Annual rates based on fewer than 20 cases or five-year average rates based on fewer than 4 cases per year are considered unstable because they have a large relative standard error (RSE). The RSE is the standard error as a percent of the measure itself. For age-adjusted incidence and mortality rates, the RSE is equal to 1÷ √cases. A RSE of 50 percent indicates that the standard error is half the size of the rate.

The RSE of an incidence or mortality rate is based on the number of cases or deaths, unlike the standard error and confidence intervals, which are based on both the number of cases and the size of the population.

Examples:

Suppose there are 20 testicular cancer deaths among males in New York State excluding New York City every year. The rate of testicular cancer deaths is 0.4 per 100,000 males, and the standard error is 0.09. The relative standard error is 22 percent.

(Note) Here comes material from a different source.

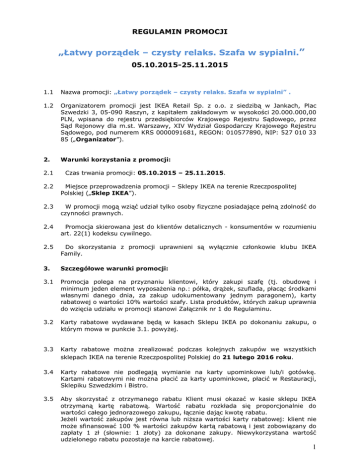 REGULAMIN PROMOCJI „Łatwy porządek – czysty relaks. Szafa w sypialni.” 05.10.2015-25.11.2015 1.1 Nazwa promocji: „Łatwy porządek – czysty relaks. Szafa w sypialni” . 1.2 Organizatorem promocji jest IKEA Retail Sp. z o.o. z siedzibą w Jankach, Plac Szwedzki 3, 05-090 Raszyn, z kapitałem zakładowym w wysokości 20.000.000,00 PLN, wpisana do rejestru przedsiębiorców Krajowego Rejestru Sądowego, przez Sąd Rejonowy dla m.st. Warszawy, XIV Wydział Gospodarczy Krajowego Rejestru Sądowego, pod numerem KRS 0000091681, REGON: 010577890, NIP: 527 010 33 85 („Organizator”). 2. Warunki korzystania z promocji: 2.1 Czas trwania promocji: 05.10.2015 – 25.11.2015. 2.2 Miejsce przeprowadzenia promocji – Sklepy IKEA na terenie Rzeczpospolitej Polskiej („Sklep IKEA”). 2.3 W promocji mogą wziąć udział tylko osoby fizyczne posiadające pełną zdolność do czynności prawnych. 2.4 Promocja skierowana jest do klientów detalicznych - konsumentów w rozumieniu art. 22(1) kodeksu cywilnego. 2.5 Do skorzystania z promocji uprawnieni są wyłącznie członkowie klubu IKEA Family. 3. Szczegółowe warunki promocji: 3.1 Promocja polega na przyznaniu klientowi, który zakupi szafę (tj. obudowę i minimum jeden element wyposażenia np.: półka, drążek, szuflada, płacąc środkami własnymi danego dnia, za zakup udokumentowany jednym paragonem), karty rabatowej o wartości 10% wartości szafy. Lista produktów, których zakup uprawnia do wzięcia udziału w promocji stanowi Załącznik nr 1 do Regulaminu. 3.2 Karty rabatowe wydawane będą w kasach Sklepu IKEA po dokonaniu zakupu, o którym mowa w punkcie 3.1. powyżej. 3.3 Karty rabatowe można zrealizować podczas kolejnych zakupów we wszystkich sklepach IKEA na terenie Rzeczpospolitej Polskiej do 21 lutego 2016 roku. 3.4 Karty rabatowe nie podlegają wymianie na karty upominkowe lub/i gotówkę. Kartami rabatowymi nie można płacić za karty upominkowe, płacić w Restauracji, Sklepiku Szwedzkim i Bistro. 3.5 Aby skorzystać z otrzymanego rabatu Klient musi okazać w kasie sklepu IKEA otrzymaną kartę rabatową. Wartość rabatu rozkłada się proporcjonalnie do wartości całego jednorazowego zakupu, łącznie dając kwotę rabatu. Jeżeli wartość zakupów jest równa lub niższa wartości karty rabatowej: klient nie może sfinansować 100 % wartości zakupów kartą rabatową i jest zobowiązany do zapłaty 1 zł (słownie: 1 złoty) za dokonane zakupy. Niewykorzystana wartość udzielonego rabatu pozostaje na karcie rabatowej. 1 Jeżeli wartość zakupów jest wyższa niż wartość karty rabatowej: klient może zrealizować przy takich zakupach całość rabatu, dopłacając za pozostałą część zakupów innym środkiem płatniczym. 3.6 Zwrot (na podstawie Regulaminu zwrotu towarów zakupionych w sklepach IKEA) artykułów zakupionych w promocji (do których została wydana karta rabatowa IKEA) oznacza jednocześnie rezygnację z promocji: a) Karta niewykorzystana - wartość karty musi zostać pomniejszona proporcjonalnie do wartości zwracanych artykułów promocyjnych. W przypadku zwrotu wszystkich artykułów następuje odbiór niewykorzystanej karty rabatowej. b) Karta wykorzystana częściowo - wartość karty musi zostać pomniejszona proporcjonalnie do wartości zwracanych artykułów promocyjnych. W przypadku, gdy wartość środków na karcie jest niewystarczająca, brakujące środki zostaną potrącone z wartości zwracanych artykułów (promocyjnych lub zakupionych z wykorzystaniem karty rabatowej). c) Karta wykorzystana w całości - wartość karty zostanie odjęta od wartości zwracanych artykułów (promocyjnych lub zakupionych z wykorzystaniem karty rabatowej). 3.7 W przypadku reklamacji (na podstawie obowiązujących przepisów prawa lub na podstawie gwarancji) artykułów zakupionych w promocji: a) Wymiana reklamowanych artykułów na identyczne oznacza zachowanie praw do promocji i wymianę na produkt identyczny bez ponoszenia dodatkowych kosztów lub potrąceń. b) Wymiana reklamowanych artykułów na inne (o ile klient wyrazi na to zgodę) oznacza rezygnację z promocji, a sposób rozliczenia zostanie przeprowadzony zgodnie z zapisami punktu 3.6. 3.8 W przypadku zwrotu (na podstawie Regulaminu zwrotu towarów zakupionych w sklepach IKEA) artykułu zakupionego z wykorzystaniem karty rabatowej klient otrzyma zwrot wartości towaru pomniejszonego o wartość udzielonego rabatu (cena widoczna na paragonie). 3.9 Promocja nie obejmuje artykułów wskazanych w Załączniku nr 1 zakupionych w Dziale Sprzedaży Okazyjnej oraz z ekspozycji. 4. Inne postanowienia: 4.1 Przystąpienie do promocji jest równoznaczne z potwierdzeniem się przez klienta z treścią niniejszego Regulaminu i jego akceptacją. 4.2 Wszelkie reklamacje dotyczące promocji należy składać w terminie 14 dni od dnia zakończenia promocji: zapoznania bezpośrednio w Dziale Obsługi Klienta w Sklepie IKEA w formie pisemnej, przesłać listownie na adres Sklepu IKEA (Kierownik Działu Obsługi Klienta). W przypadku przesłania reklamacji za pośrednictwem poczty decyduje data nadania pisma w urzędzie pocztowym, telefonicznie: 22 275 00 00 (opłata zgodnie z taryfikatorem operatora), przy użyciu poczty elektronicznej, przesyłając korespondencję na adres e-mail: [email protected] , za pośrednictwem formularza reklamacyjnego znajdującego się na stronie internetowej IKEA.pl. Reklamacje będą rozpatrzone pisemnie w terminie 14 dni. 2 Powyższe nie wyłącza, nie ogranicza, ani nie zawiesza uprawnień klienta związanych z nabytym towarem (w tym składania reklamacji co do ich jakości) wynikających z obowiązujących przepisów prawa, w tym z przepisów Kodeksu cywilnego o rękojmi za wady rzeczy sprzedanej. 4.3 Pisemna reklamacja powinna zawierać: dane kontaktowe z klientem tj. imię i nazwisko, adres, telefon oraz opis i powód reklamacji. 4.4 Regulamin promocji dostępny jest w Sklepie IKEA w Dziale Obsługi Klienta w

If there are about 20 prostate cancer deaths among males in Orange County every year, the rate is 21.9 deaths per 100,000 males; the standard error is 4.8. Again, the relative standard error is 22 percent.

So, even though the standard error for the testicular cancer rate is much smaller than the standard error for the prostate cancer rate, both have the same magnitude relative to the rate itself. This means that when there are only a few cases or deaths, small changes in the number of cases or deaths have a much bigger effect than small changes in a large number of cases or deaths. In other words, going from 10 deaths to 20 deaths reduces the RSE from 32 percent to 22 percent, while going from 60 deaths to 70 deaths reduces the RSE from 13 percent to 12 percent. It is somewhere around 20 deaths that the curve seen in the chart starts to level out. Hence, rates based on fewer than 20 deaths, in the steep end of the curve shown, are highly variable and, for that reason, are unreliable.